Re: postForm() in RCurl and library RHTMLForms

sayan dasgupta
Thanks a lot thats exactly what I was looking for

Just a quick question I agree the form gets submitted to the URL
"http://www.nseindia.com/marketinfo/indices/histdata/historicalindices.jsp"

and I am filling up the form in the page
"http://www.nseindia.com/content/indices/ind_histvalues.htm"

How do I submit the arguments like FromDate, ToDate, Symbol using postForm()
and submit the query to get the similar table.







On Fri, Nov 5, 2010 at 6:43 AM, Duncan Temple Lang
<[hidden email]>wrote:

>
>
> On 11/4/10 2:39 AM, sayan dasgupta wrote:
> > Hi RUsers,
> >
> > Suppose I want to see the data on the website
> > url <- "http://www.nseindia.com/content/indices/ind_histvalues.htm"
> >
> > for the index "S&P CNX NIFTY" for
> > dates "FromDate"="01-11-2010","ToDate"="02-11-2010"
> >
> > then read the html table from the page using readHTMLtable()
> >
> > I am using this code
> > webpage <- postForm(url,.params=list(
> >                        "FromDate"="01-11-2010",
> >                        "ToDate"="02-11-2010",
> >                        "IndexType"="S&P CNX NIFTY",
> >                        "Indicesdata"="Get Details"),
> >                  .opts=list(useragent = getOption("HTTPUserAgent")))
> >
> > But it doesn't give me desired result
>
> You need to be more specific about how it fails to give the desired result.
>
> You are in fact posting to the wrong URL. The form is submitted to a
> different
> URL -
> http://www.nseindia.com/marketinfo/indices/histdata/historicalindices.jsp
>
>
>
> >
> > Also I was trying to use the function getHTMLFormDescription from the
> > package RHTMLForms but there we can't use the argument
> > .opts=list(useragent = getOption("HTTPUserAgent")) which is needed for
> this
> > particular website
>
> That's not the case.
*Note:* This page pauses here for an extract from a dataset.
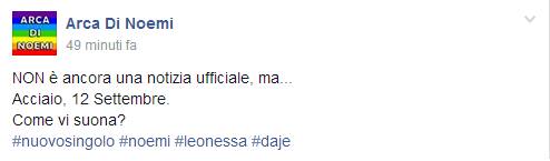 L’indiscrezione è stata lanciata in rete dall’Arca di Noemi, fan club ufficiale della cantante romana, con un post su Facebook: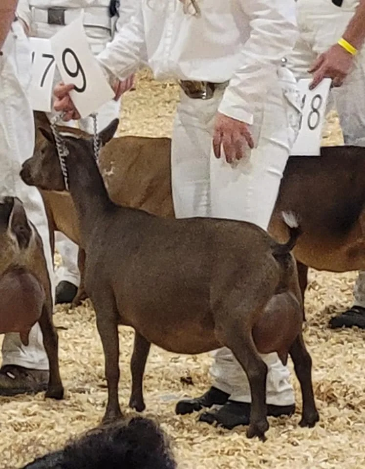 Ya Ya is a gorgeous junior doe with lots of length and correct conformation. We’re psyched to bring her to the shows next year as a dry yearling!

The function RHTMLForms will generate for you does
> support
> the .opts parameter.
>
> What you want is something along the lines:
>
>
>  # Set default options for RCurl
>  # requests
> options(RCurlOptions = list(useragent = "R"))
> library(RCurl)
>
>  # Read the HTML page since we cannot use htmlParse() directly
>  # as it does not specify the user agent or an
>  # Accept:*.*
>
> url <- "http://www.nseindia.com/content/indices/ind_histvalues.htm"
> wp = getURLContent(url)
>
>  # Now that we have the page, parse it and use the RHTMLForms
>  # package to create an R function that will act as an interface
>  # to the form.
> library(RHTMLForms)
> library(XML)
> doc = htmlParse(wp, asText = TRUE)
>  # need to set the URL for this document since we read it from
>  # text, rather than from the URL directly
>
> docName(doc) = url
>
>  # Create the form description and generate the R
>  # function "call" the
>
> form = getHTMLFormDescription(doc)[[1]]
> fun = createFunction(form)
>
>
>  # now we can invoke the form from R. We only need 2
>  # inputs  - FromDate and ToDate
>
> o = fun(FromDate = "01-11-2010", ToDate = "04-11-2010")
>
>  # Having looked at the tables, I think we want the the 3rd
>  # one.
> table = readHTMLTable(htmlParse(o, asText = TRUE),
>                        which = 3,
>                        header = TRUE,
>                        stringsAsFactors = FALSE)
> table
>
>
>
>
> Yes it is marginally involved. But that is because we cannot simply read
> the HTML document directly from htmlParse() because the lack of Accept(&
> useragent)
> HTTP header.
>
> >
> >
> > Thanks and Regards
> > Sayan Dasgupta
> >
> >       [[alternative HTML version deleted]]
> >
> > ______________________________________________
> > [hidden email] mailing list
> > https://stat.ethz.ch/mailman/listinfo/r-help
> > PLEASE do read the posting guide
> http://www.R-project.org/posting-guide.html
> > and provide commented, minimal, self-contained, reproducible code.
>
> ______________________________________________
> [hidden email] mailing list
> https://stat.ethz.ch/mailman/listinfo/r-help
> PLEASE do read the posting guide
> http://www.R-project.org/posting-guide.html
> and provide commented, minimal, self-contained, reproducible code.
>

        [[alternative HTML version deleted]]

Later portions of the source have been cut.